Retype the whole listing below exactly, keeping every picture out of it.

COLLECTED DATA:
##########

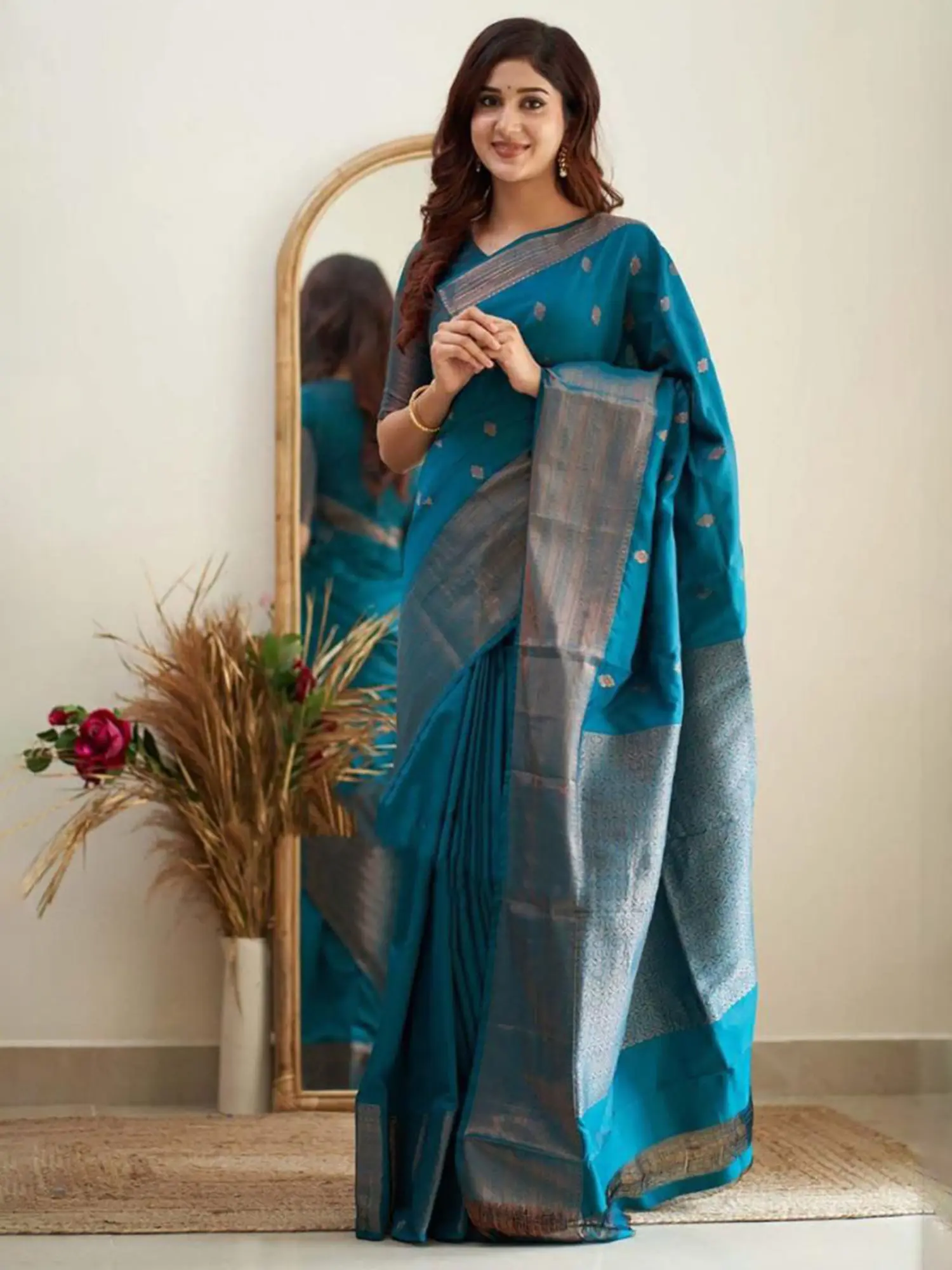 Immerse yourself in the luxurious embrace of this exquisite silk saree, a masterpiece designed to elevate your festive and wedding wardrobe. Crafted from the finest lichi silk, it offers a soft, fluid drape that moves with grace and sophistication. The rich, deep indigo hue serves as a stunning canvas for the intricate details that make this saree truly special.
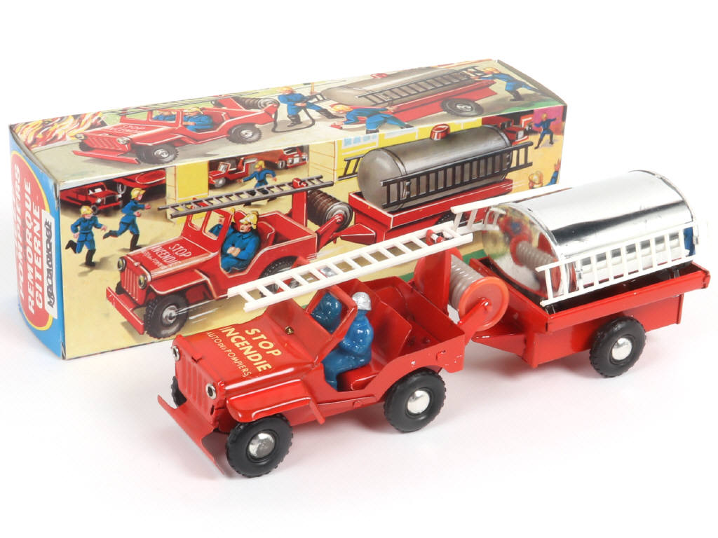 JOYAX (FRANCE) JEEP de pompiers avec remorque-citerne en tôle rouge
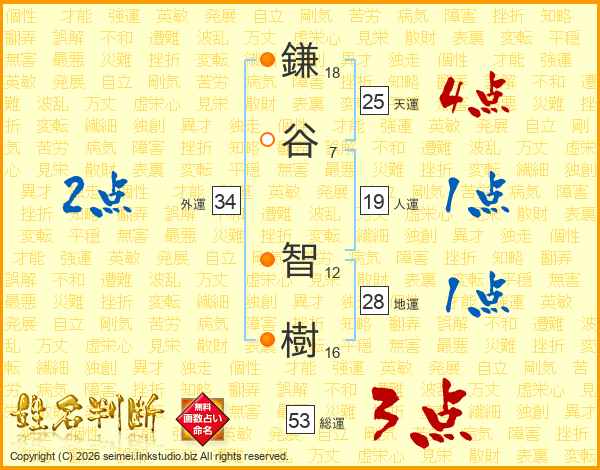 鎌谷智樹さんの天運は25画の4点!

##########

RESPONSE BELOW:
 Immerse yourself in the luxurious embrace of this exquisite silk saree, a masterpiece designed to elevate your festive and wedding wardrobe. Crafted from the finest lichi silk, it offers a soft, fluid drape that moves with grace and sophistication. The rich, deep indigo hue serves as a stunning canvas for the intricate details that make this saree truly special.
 JOYAX (FRANCE) JEEP de pompiers avec remorque-citerne en tôle rouge
 鎌谷智樹さんの天運は25画の4点!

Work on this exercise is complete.